WHAT YOU NEED TO DO
Can the lines below, from the one that holds "運動場での体育大会の練習がで" to the very end, be echoed exactly, with both ends included and no pictures?
::: GIVEN INFORMATION
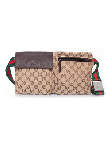 Gucci, Brown monogram canvas fanny pack. The item is in very good condition with a very light scratch one the clasp.
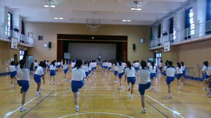 運動場での体育大会の練習ができませんが、東中生たちは、体育館でも変わらず、みんなで全力で取り組んでいます!
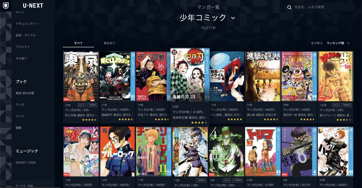 マンガや書籍はU-NEXTポイントで購入することができ、価格もamazonのKindle版とほぼ同じ(コミックス・単行本版より安い)になっています。
::::::
TASK RESULT
 運動場での体育大会の練習ができませんが、東中生たちは、体育館でも変わらず、みんなで全力で取り組んでいます!
 マンガや書籍はU-NEXTポイントで購入することができ、価格もamazonのKindle版とほぼ同じ(コミックス・単行本版より安い)になっています。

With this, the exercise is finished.